TO DO: Your answer must be an exact copy of the listing, with the images left out.

EXERCISE DATA:

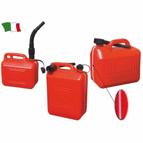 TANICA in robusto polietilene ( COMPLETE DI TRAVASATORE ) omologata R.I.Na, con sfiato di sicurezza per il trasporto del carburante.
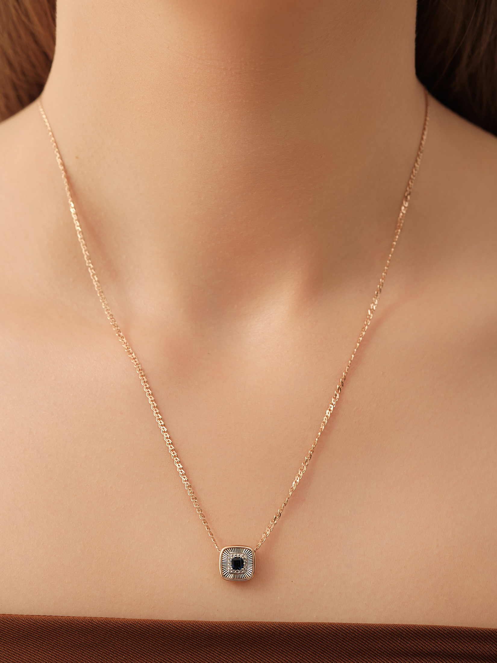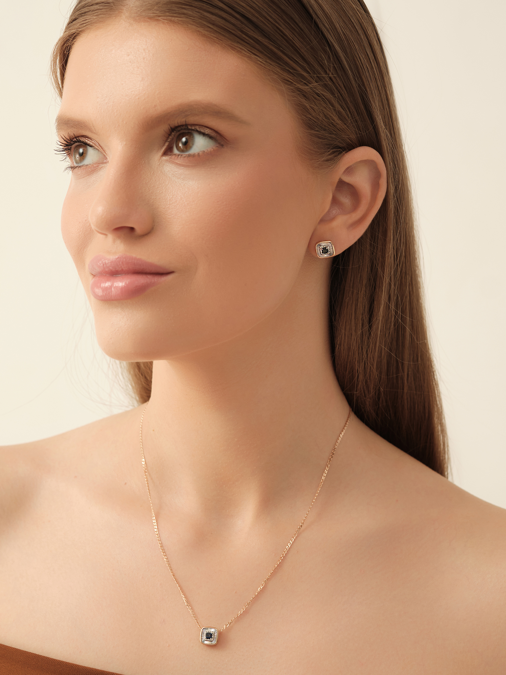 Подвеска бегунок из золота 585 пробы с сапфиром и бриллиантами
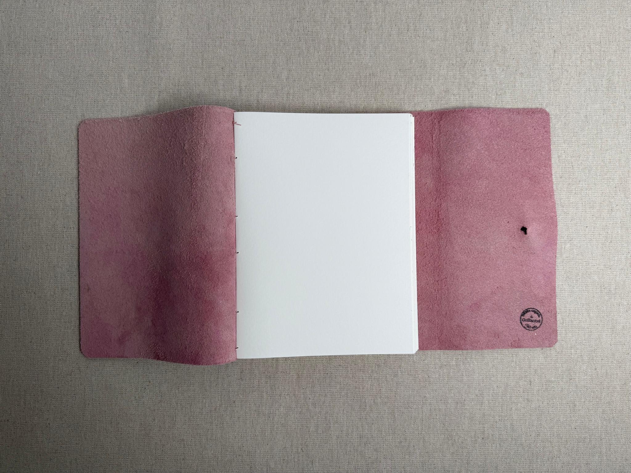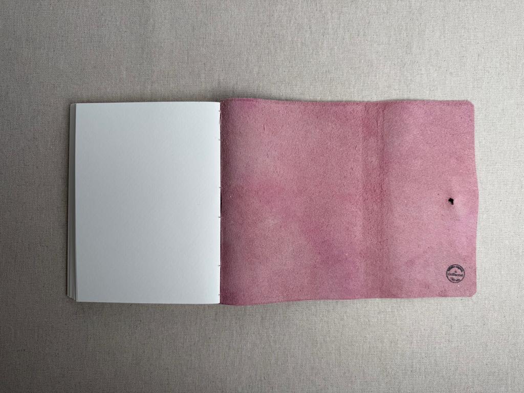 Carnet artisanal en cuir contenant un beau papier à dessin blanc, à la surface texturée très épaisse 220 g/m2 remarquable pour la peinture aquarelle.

ANSWER SPACE:
 TANICA in robusto polietilene ( COMPLETE DI TRAVASATORE ) omologata R.I.Na, con sfiato di sicurezza per il trasporto del carburante.
 Подвеска бегунок из золота 585 пробы с сапфиром и бриллиантами
 Carnet artisanal en cuir contenant un beau papier à dessin blanc, à la surface texturée très épaisse 220 g/m2 remarquable pour la peinture aquarelle.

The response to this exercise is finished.